| Data provided |
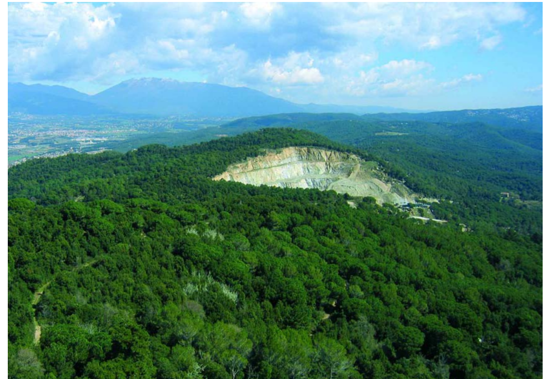
Pedrera a Òrrius (Maresme). M. Guardiola

Per tot el territori, llevat de l'alta muntanya.
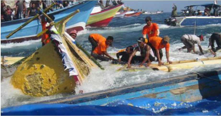
Gambar 4. Prosesi larung sesaji dalam ritual petik laut

| Task directions |
The copy should match each line above exactly and contain no images.

| Reply |
Pedrera a Òrrius (Maresme). M. Guardiola

Per tot el territori, llevat de l'alta muntanya.
Gambar 4. Prosesi larung sesaji dalam ritual petik laut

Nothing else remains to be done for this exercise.